The N-terminal domain is the most conserved of the spidroin domains and has evolved according to silk type [32]. Like the other spidroin domains, the N-terminal domain lacks known homologues, even in fibre-forming proteins from silkworm silk. These observations suggest that the N-terminal domain fulfils a function that is unique to spidroins and which requires structural features that can only be obtained by a folded polypeptide chain. The N-terminal domain from MaSp1 of E. australis is highly soluble and cooperatively folded [33, 92]. The recently determined high-resolution X-ray structure of recombinant N-terminal domain from the MaSp1 of E. australis [33] reveals several properties that point to specific functions.
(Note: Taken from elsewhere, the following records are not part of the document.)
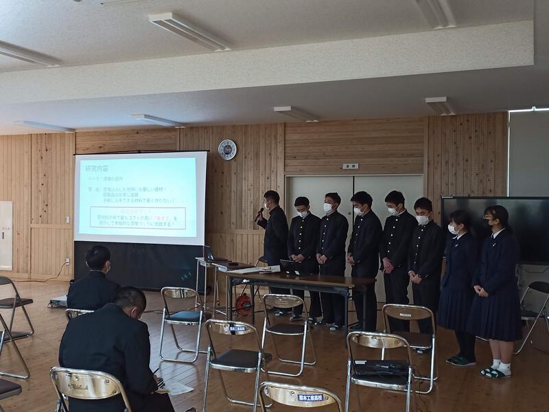 1月20日(木)に新実習棟1号館の工業基礎実習室で三年生が二年生に向けて今年1年間取り組んだ研究の成果を発表しました。(以下、発表順)
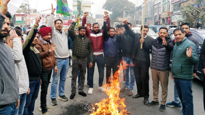 देहरादून। BJP is working to demolish constitutional institutions चण्डीगढ में भाजपा सरकार की और से साजिश के तहत असंवेधानिक तरीके से मेयर नामित किए जाने पर देहरादून स्थित एस्लेहॉल चौक पर बुधवार को जिला देहरादून युवा कांग्रेस की और से पुतला दहन किया गया।
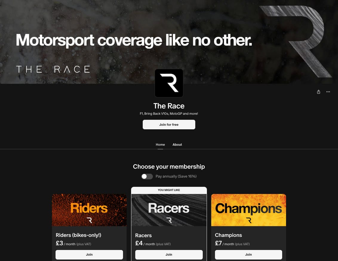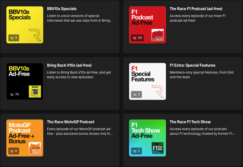 We’re also adding a new higher tier - Champions - with additional benefits including Live Q&As plus more Bring Back V10s bonus material. Our Racers tier will effectively be the same as the existing Members’ Club that is available through our website, with little added benefits like a WhatsApp-style community group that’s available through Patreon.
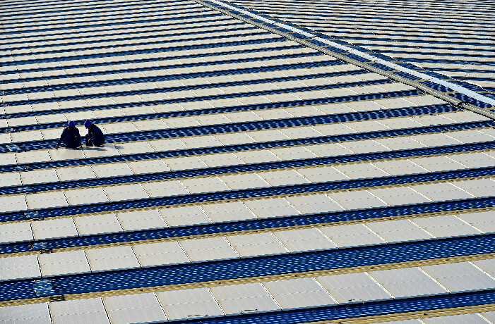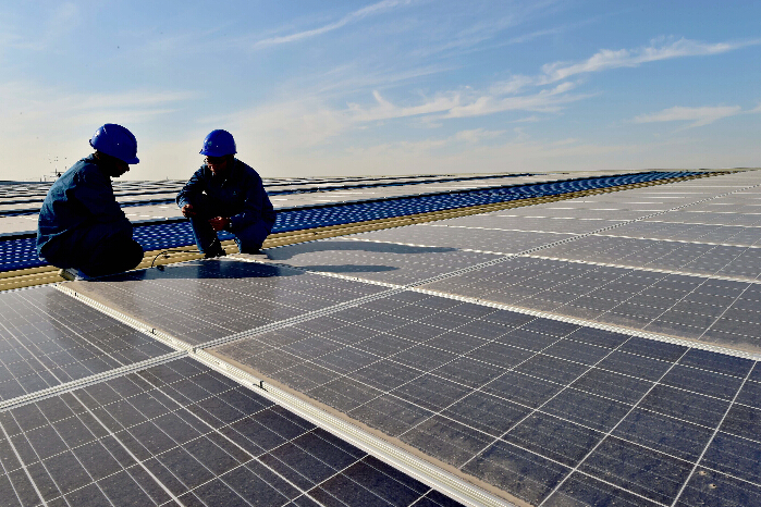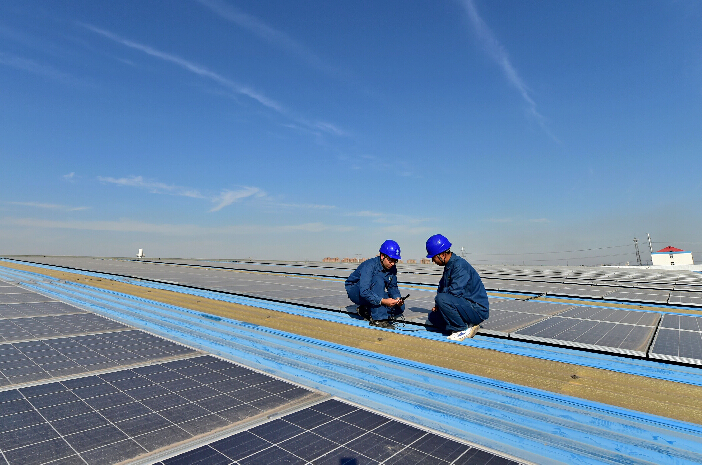 10月16日,在山东省淄博市高新区德诺铝业有限公司的厂房屋顶光伏发电站,淄博供电公司工作人员在送电前为光伏发电线路做检查
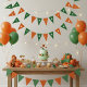 Happy birthday bunting flag in burnt orange and emerald green colors.
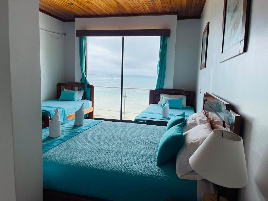 Un ambiente tranquilo a pie de la playa, limpio y seguro. Tenemos un dispensador de agua todo el tiempo y area social. Los hospedajes se encuentran en un segundo y tercer piso, y para acceder necesitan subir escaleras.
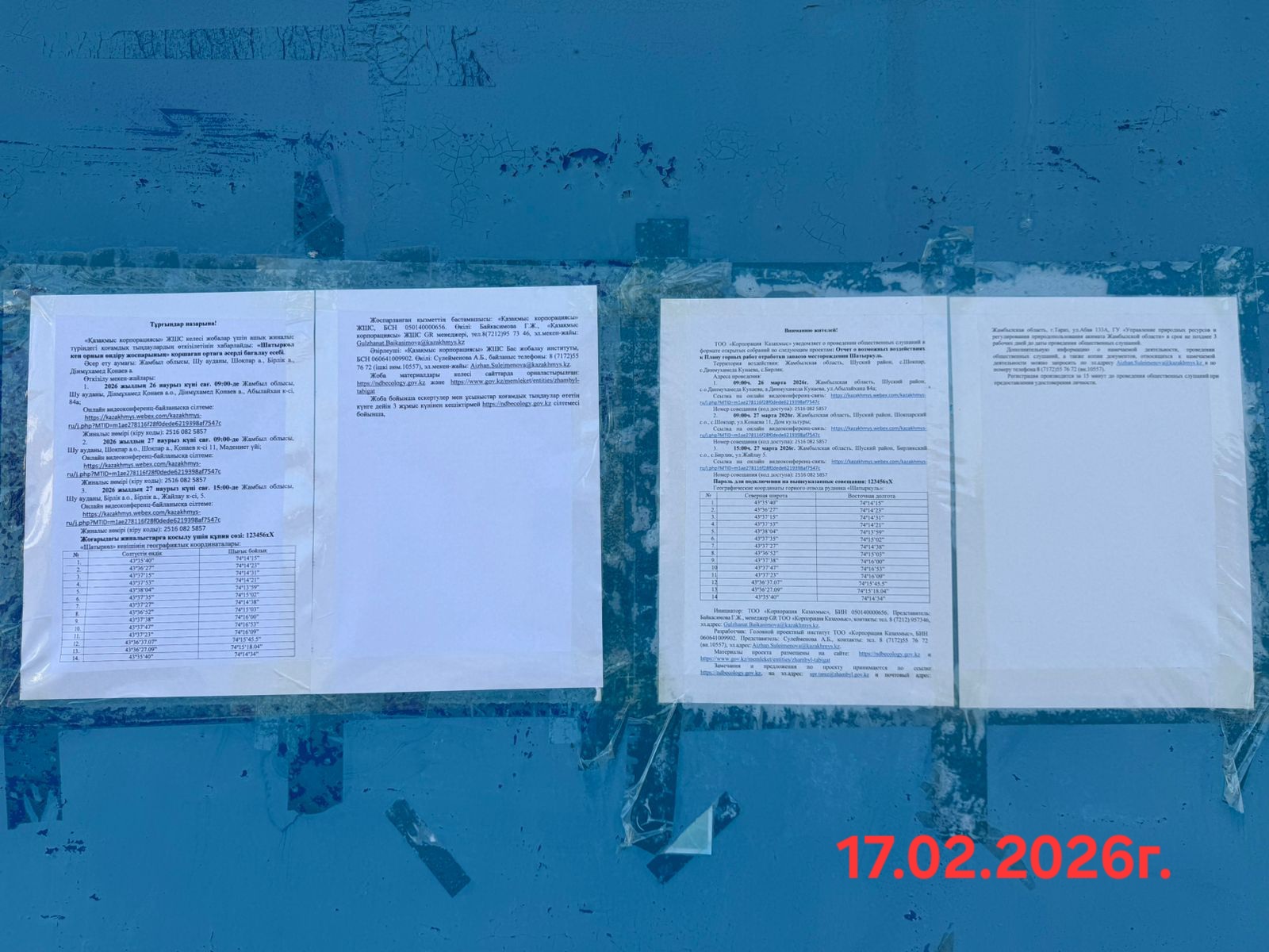 6. Объявление о проведении общественных слушаний на казахском и русском языках будет распространено следующими способами:

The inclusion of this N-terminal domain in miniature spidroins (NT4RepCT; see Tables 2, 3) accelerates charge-dependent self-assembly at pH values below approx. 6.4 (as observed in the spinning duct), but it delays aggregation above pH 7 (as observed in the dope). The X-ray structure analysis also revealed a homodimer of dipolar, antiparallel five-helix bundle subunits, and the overall dimeric structure and observed charge distribution are expected to be conserved through spider evolution and in all types of spidroins. These results suggest a relay-like mechanism through which the N-terminal domain regulates spidroin assembly by inhibiting precocious aggregation during storage and by accelerating and directing self-assembly as the pH is lowered along the spider’s silk extrusion duct [33]. A solution structure of a fragment of the N-terminal domain from an egg case spidroin, which after refolding forms a monomer in the presence of detergent micelles, has been reported [88]. This structure is also α-helical, but is otherwise quite different from the crystal structure of the N-terminal domain of MaSp1 of E. australis. It remains to be determined whether these differences reflect an inherent structural flexibility of the N-terminal domain, the different ways the recombinant proteins were obtained and investigated and/or other factors.
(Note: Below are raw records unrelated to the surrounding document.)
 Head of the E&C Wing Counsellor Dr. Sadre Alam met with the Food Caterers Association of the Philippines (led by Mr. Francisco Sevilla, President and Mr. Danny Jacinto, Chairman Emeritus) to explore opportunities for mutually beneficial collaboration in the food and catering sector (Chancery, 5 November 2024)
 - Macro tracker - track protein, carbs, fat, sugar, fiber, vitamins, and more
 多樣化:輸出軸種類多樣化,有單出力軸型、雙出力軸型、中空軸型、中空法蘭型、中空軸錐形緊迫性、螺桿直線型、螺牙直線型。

The presence of the C-terminal domain in recombinant miniature spidroins is a prerequisite for the formation of macroscopic fibres and fibrous aggregates in the test tube [92, 105]. A solution structure of the C-terminal domain from ADF-3 has recently been determined by nuclear magnetic resonance (NMR) spectroscopy [34]. This revealed a dimer of two five-helix bundles with no known structural homologues. Also, a solution structure of a monomeric C-terminal domain from an egg case spidroin, in detergent micelles, has been reported [88]. This C-terminal domain consists of a five-helix bundle but with a different topology than the ADF-3 domain. The C-terminal domain is rather well conserved at the amino acid sequence level and should consequently show a similar fold independent of origin. The reasons for the observed different folds in crystals or in solution [33, 34], on the one hand, compared to those in detergent micelles [88], on the other hand, are not clear at the present time. The ADF-3 C-terminal domain lacks surface-exposed charged residues but is quite polar due to an abundance of serines and glutamines [34]. Hagn et al. [34] further suggested that the structural state of the C-terminal domain can be regulated by chemical (in particular, the surrounding salt concentration) and mechanical stimuli and that this is a means to promote solubility versus aggregation in spidroin storage and fibre formation, respectively. The C-terminal homodimer is stabilized by a disulphide bridge. In miniature spidroins, the cysteine that forms the disulphide can be exchanged for serine without loss of ability to form fibres in the cytosol of insect cells [74] or in the test tube [93].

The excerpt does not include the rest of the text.